After an aborted launch earlier in the afternoon, SN10 lifted off a little after 5:00 P.M. Central Time, and flew to an altitude of about 33,000 feet, or a little over 6 miles.

You may watch the flight and landing in the SpaceX video above, which includes expert commentary by rocket engineer and renowned SpaceX narrator John Insprucker. The actual ignition and liftoff starts about 5:40 into the video timeline, but the first five minutes are certainly worth watching, simply for the beautiful SpaceX photography in the late afternoon light, with the condensation clouds streaming from the machine..

The event is absolutely incredible to watch, with the climb to 10km on three Raptor engines, cutting off two engines in sequence, then hovering for a few moments on just a single engine (straight upright at 33,000 feet!), followed by the fin-controlled "belly-flop" and free fall maneuvering back to the landing pad. Just before reaching the ground, the three Raptor engines reignite as the craft rights itself, rapidly followed by two of the engines shutting off, and a single-engine landing.

As the ship lands, you can see a fire emerge at the bottom, which hasn't been seen in previous flights. Though I haven't found a definitive explanation, some sources speculate that there was a methane fuel leak. After landing (in the video below) you can see a remote spray nozzle dispensing water or chemicals toward the base, apparently trying to keep the flame-up under control. This is followed by a gigantic explosion of the ship blowing it high into the air.

The media, predictable as always, pounced on the explosion, as if it were a great disaster, crying with the tone of, "What if there were people on board?"

Remember that these are prototypes, simply test flights, each flight using new and refined technology, structure, techniques and software. It amazes me that Elon Musk and SpaceX are not bashful at all in being willing to share the excitement of their tests, which do sometimes includes failures, going so far as live-streaming their own extremely high quality video from several vantage points, including video from inside the engine housing looking down. It's just awesome to watch!

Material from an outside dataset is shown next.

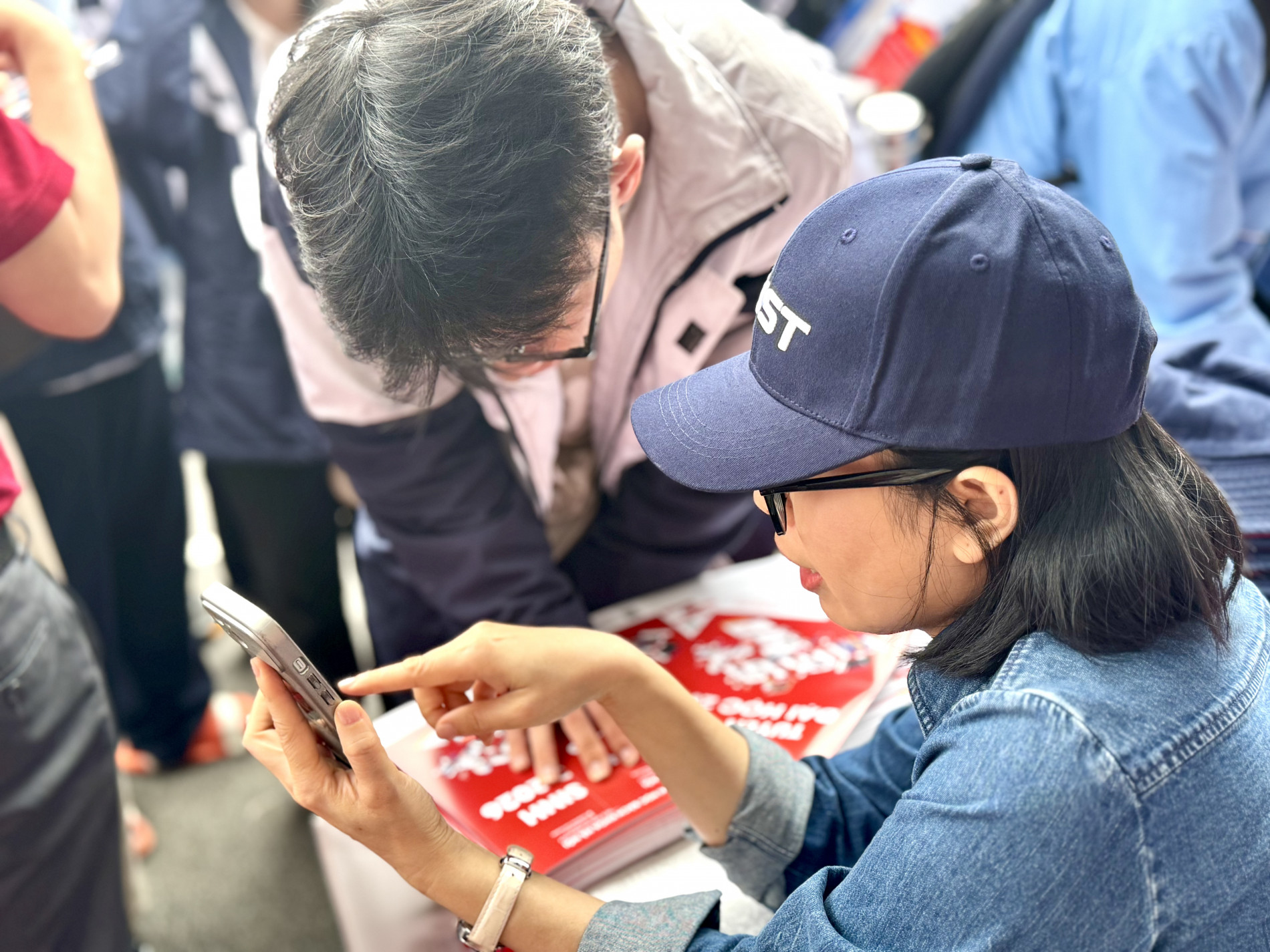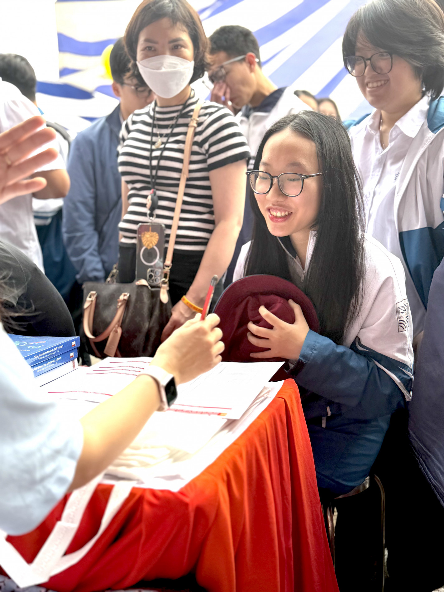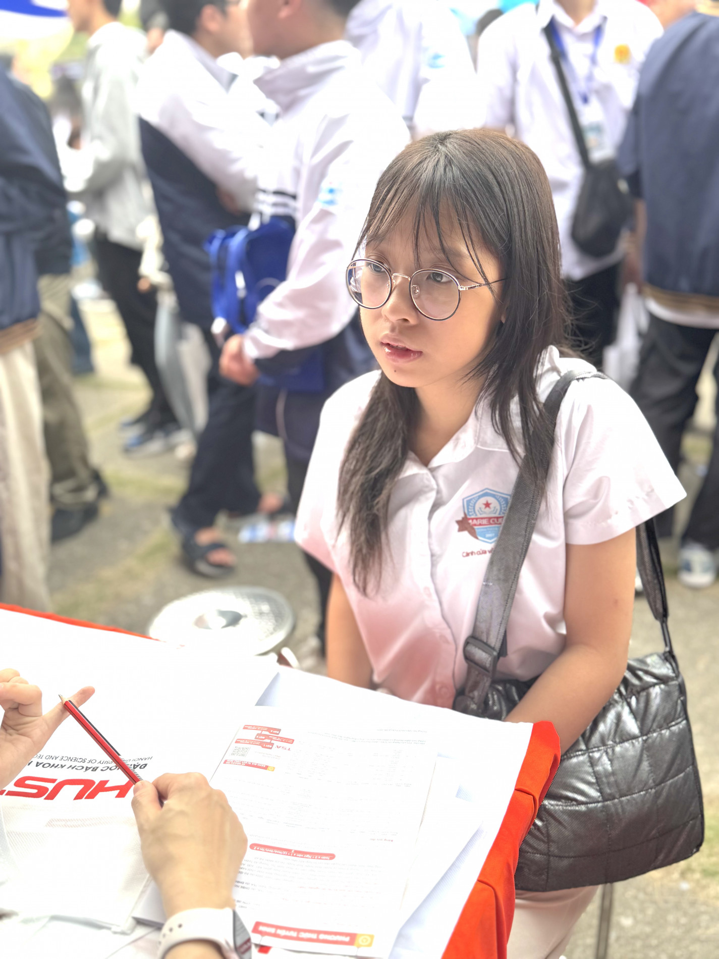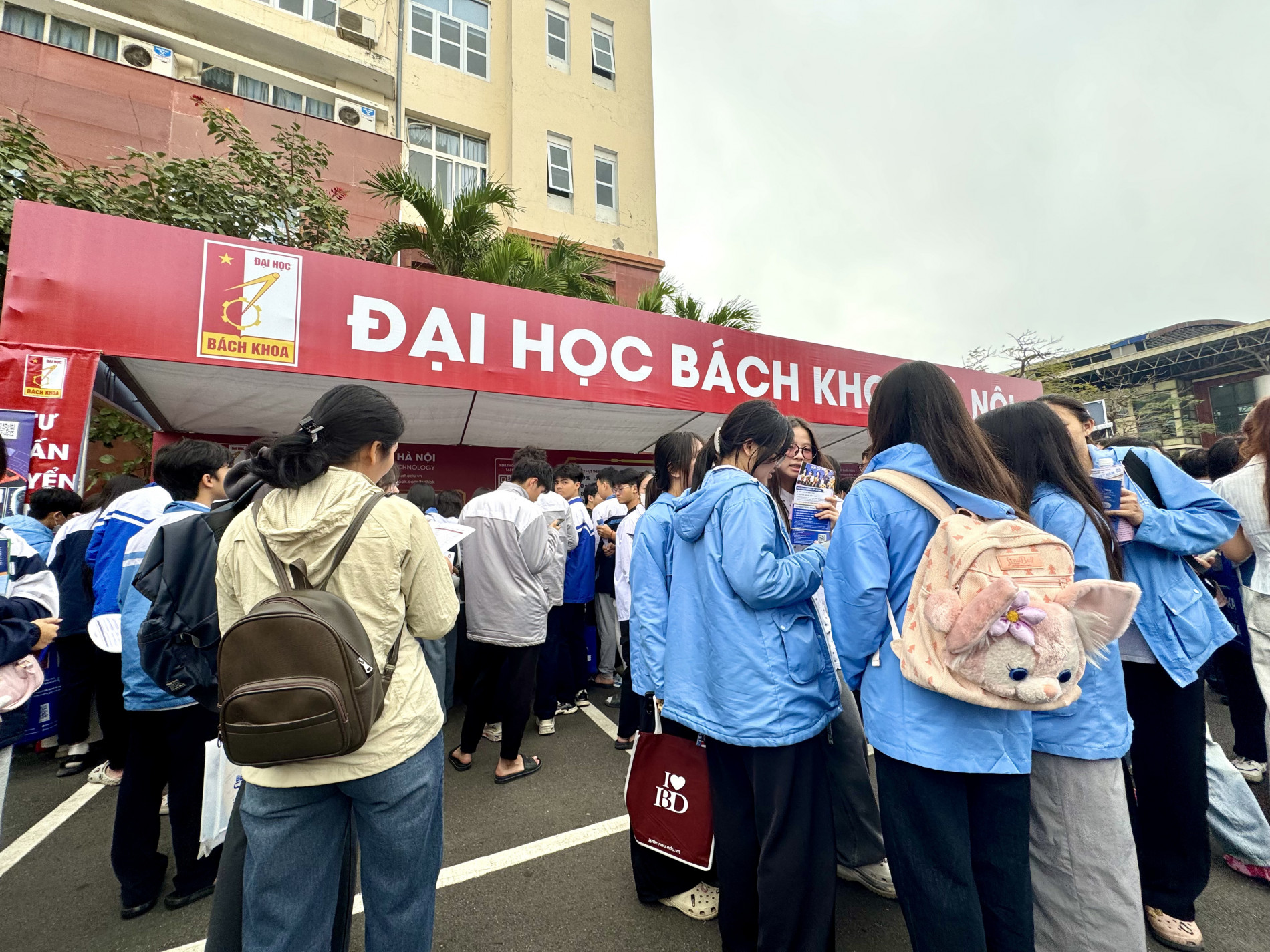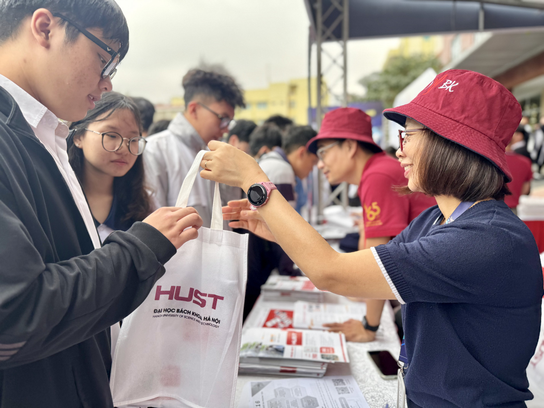 Tại gian tư vấn Đại học Bách khoa Hà Nội, phụ huynh và học sinh từ các trường cấp 3 lân cận xếp thành hàng dài, chờ đến lượt được tư vấn. Đoàn người đứng chật như nêm, nhưng gương mặt ai cũng rạng rỡ nụ cười vì được hỏi – đáp, nghe tư vấn, định hướng trực tiếp từ thầy cô Bách khoa Hà Nội. Đội ngũ thầy cô Bách khoa, với sự chuyên nghiệp của mình, kiên nhẫn giải đáp từng thắc mắc, gỡ rối lo âu cho từng phụ huynh và học sinh.

Also, remember that this is a HUGE spaceship, about 160 feet tall, with a nearly 10 foot diameter, designed eventually to be launched upon the Super Heavy Booster (around 230 feet tall itself, with around 30 Raptor engines powering it to space. SpaceX is developing a system designed to fly people, fuel and supplies, not only into orbit, but to Mars as well, with the ability to reenter Earth's atmosphere, land of the craft, then be able to quickly refuel and re-launch in a short amount of time.

And I believe they will soon have the system functioning reliably and as a useable platform, just as they have with the Falcon 9 system, upon which government and companies worldwide rely upon to get their satellites into orbit flawlessly, as well as astronauts and supplies to the International Space Station.

Several other Starship prototypes are in currently in various stages of build, as is the first iteration of the Super Heavy Booster, so many more exciting tests are soon to come, with SN11 reportedly ready to move to the launch pad for static engine test firing, followed soon by another flight.

It's all ground-breaking history in the making, and a privilege to watch SpaceX achievements take place that "conventional wisdom" said couldn't be done.